3. F. Condello (“Eikasmós” XI, 2000, 462-471: 462) defended ἄστη with a very interesting parallel, Orph. fr. 47.3 K. (now PEG 155.3 F ἄστεα [II 1149f. Bernabé, ap. Procl. in Plat. Tim. II 48 Diehl (vv. 1-3), where mss. I Q have ἄστρα ]).

4. Not all the senatus met but only a part of the conspirators (Dio Cass. 44.16.2); at the same time, their chiefs were attending to the toga virilis ceremony of Cassius’ son (Plut. Brut. 14.4), while Caesar with the haruspex Spurinna had to call at the house of Cn. Dom. Calvinus (Val. Max. 8.11.2), before reaching the Campus Martius (and his destiny).

5. BR (p. 375 n. 21) notices that R.A. Gauthier and J.Y. Jolif have discovered the truth (cf. Aristote. L’éthique à Nicomaque, I, Louvain-Paris 1958, 82* n. 245, but this footnote 245 does not appear in the 2nd and last ed. of Gauthier alone [I-III, ibid. 1970]).

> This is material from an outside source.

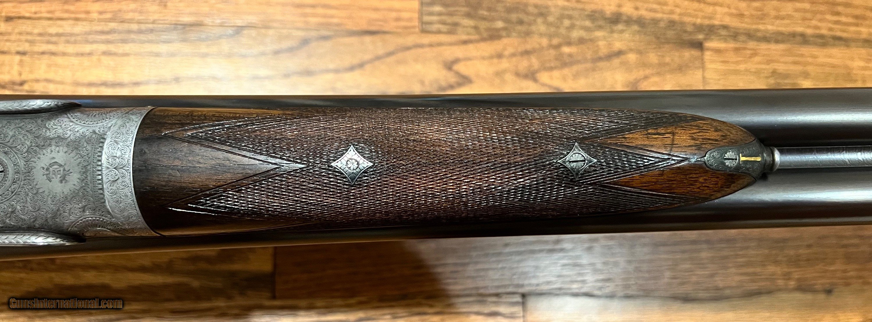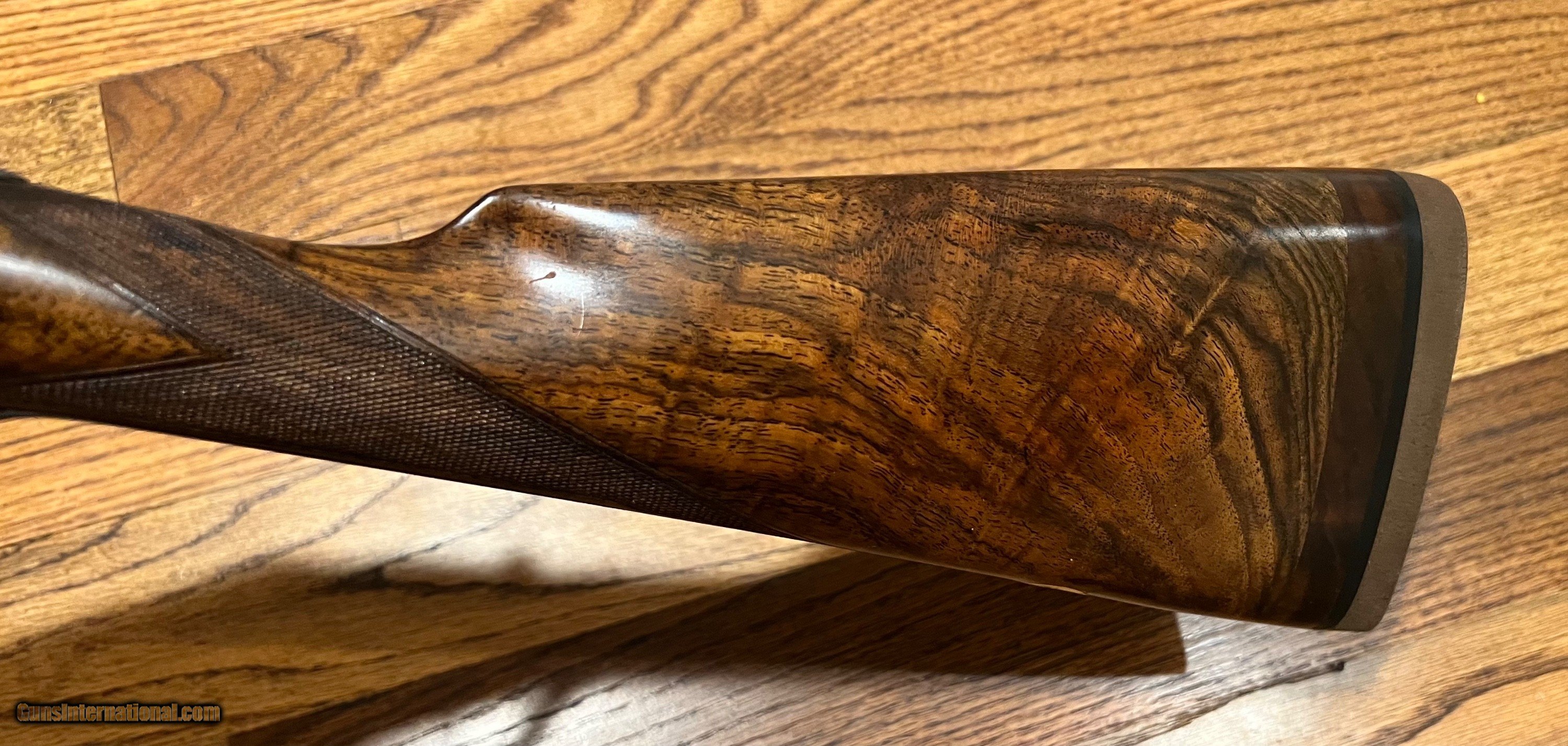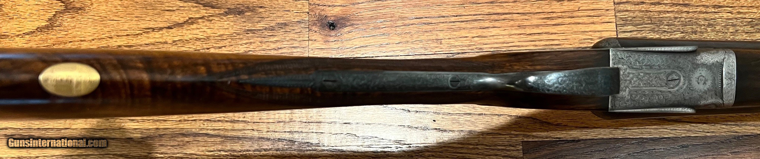 Description: EJ Churchill 12ga best quality sidelock ejector game gun 27" ejector barrels with matted concave rib with mid/front bead 2 5/8" 1 1/8oz nitro proof Bores: .728/.728 proofed at .719/.719 Chokes: .010/.010 IC/IC Minimum wall thickness: 0.029/0.030 LOP 14 1/4 DAC 1 5/8 DAH 2 1/4 Neutral cast 6lbs 7oz Full coverage Churchill house style scroll engraving with some case color remaining and well figured wood. Top quality early Churchill owned and used extensively by Billy Perdue for game shooting(his name engraved on the stock oval). Overall the gun is very nice with a repaired crack on top of both locks (has been like this for 50+ years) and the gun is slightly off face. Really nice fast handling Churchill game gun. Open to reasonable offers. SOLD Curio/Relic: Yes Shotgun Gauge: 12 Gauge |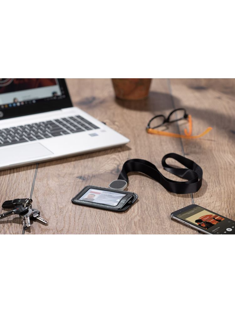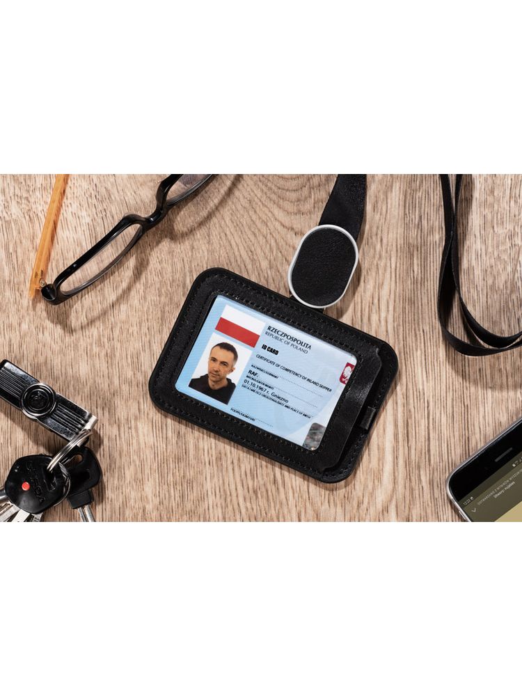 Etui na identyfikator TINO to gadżet, który zapewni Ci wygodę użytkowania każdego identyfikatora czy karty dostępu. Wykonany z wytrzymałej eko skóry z ozdobnymi przeszyciami. Dzięki rozwijanej smyczy o długości 34 cm nie będziesz musiał się schylać do czytnika czy okazania przepustki. Identyfikator zawieszony na szerokiej, przyjemnej w dotyku taśmie o długości 86cm. Posiada możliwość zmiany ułożenia z pionowego na poziome poprzez proste przepięcie zapinki smyczy. Dodatkowa kieszonka na tyle pozwoli na trzymanie wizytówek.

6. But if we follow his proposal, the insertion of ubi partum olim exposuerat after effugit … in montem Cithaeronem (p. 420; ” cui postquam poena instaret … , p. 422), but before cumque partus premeret et quaereret ubi pareret eqs., seems difficult (have we to seclude these last words?). Secondly, if postquam [ scil. Antiopae ] partus instabat is, as RSS shows, synonymous with cumque partus premeret, the second expression could be an emphatic repetition, required after effugit ex vinculis Iovis voluntate in montem Cithaeronem and preparing cum […] quaereret ubi pareret eqs.. Finally, may Hyg. 7.5’s silence about Antiope “between her sons’ birth and Dirce’s death” be simply one of the many occasions where material has clearly dropped out (p. 420 n. 13, with examples)? Two misprints: p. 417 l. 3 from bottom read premeret; p. 422 l. 3 from bottom: exposuerat.

7. See ad 43 (p. 460), where the way JS looks at the transmitted τεσσαρεσκαιδέκατος (i.e. τεσσαρεσδεκαταῖος, “on the fourteenth of the month”, p. 448) is very convincing: Alexander the Great was notoriously twenty, not fourteen (so Giannini, wrongly), when Philip died; here the point is that coronation and victory at Granicus happened both in the fourth day respectively of the second and third decade of the month: a sacred day for Alexander.

8. At 3.5.4 he correctly reads τὸ μὲν οὖν μεταξὺ σταδίων ἦν πλέον δέκα κτλ. instead of the transmitted τὸ μὲν οὖν μεταξὺ σταδίων ἦν οὐ πλέον δέκα, κτλ..

9. For a bibliography after P. Maas (p. 484 n. 5), see L. Sarriu, Ritmo, metro, poesia e stile. Alcune considerazioni sul dodecasillabo di Michele Psello, MG 6 (2006) 171 n. 1.